Recorded data =>
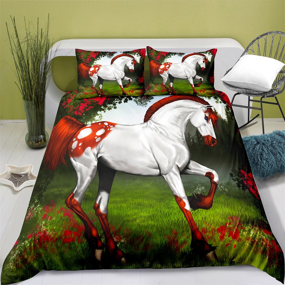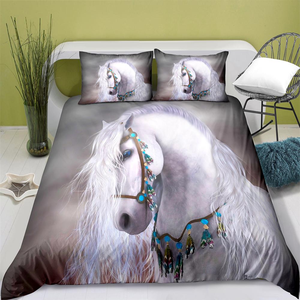 Комплект постельного белья с изображением лошади, 3D-принт с изображением белой лошади, комплект постельного белья с изображением дикой природы, размер King Size, 2/3 шт., покрывало для детей, мальчиков и мужчин
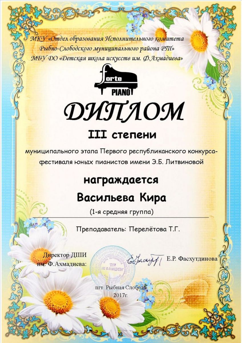 Васильева Кира - Диплом III-й степени муниципального этапа Первого Республиканского конкурса-фестиваля юнях пианистов имени Э.Б. Литвиновой "Forte-PIANO"(1-я средняя группа)(ноябрь 2017г.)
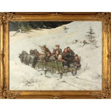| Lot #: 733 Albert Muller-Lingke (German, 1844-1930) Winter Sleigh Ride |
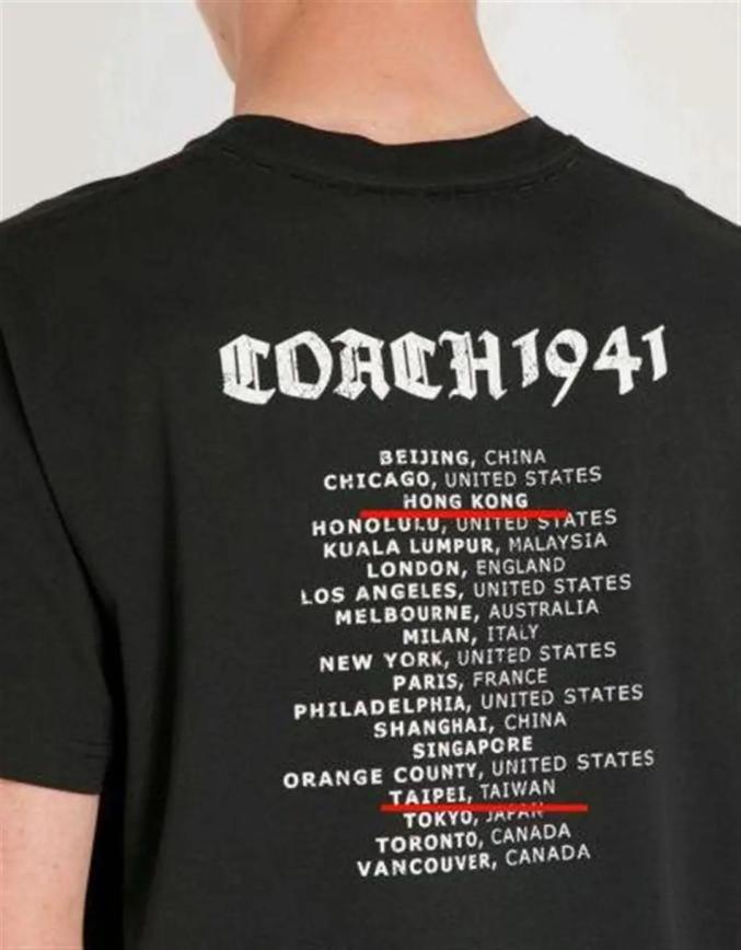 2018年5月,美国轻奢品牌蔻驰(COACH)发布的一款T恤,被网友翻出来并指其涉嫌分裂中国。图片里显示,Coach这款T恤背面分两列印有城市和国家名称,其中北京、上海的英文对应为中国,而在中国香港和中国台湾处却没有列为中国。

What to produce => Retype the data above exactly. Do not carry over any images.

Answer to this exercise =>
 Комплект постельного белья с изображением лошади, 3D-принт с изображением белой лошади, комплект постельного белья с изображением дикой природы, размер King Size, 2/3 шт., покрывало для детей, мальчиков и мужчин
 Васильева Кира - Диплом III-й степени муниципального этапа Первого Республиканского конкурса-фестиваля юнях пианистов имени Э.Б. Литвиновой "Forte-PIANO"(1-я средняя группа)(ноябрь 2017г.)
| Lot #: 733 Albert Muller-Lingke (German, 1844-1930) Winter Sleigh Ride |
 2018年5月,美国轻奢品牌蔻驰(COACH)发布的一款T恤,被网友翻出来并指其涉嫌分裂中国。图片里显示,Coach这款T恤背面分两列印有城市和国家名称,其中北京、上海的英文对应为中国,而在中国香港和中国台湾处却没有列为中国。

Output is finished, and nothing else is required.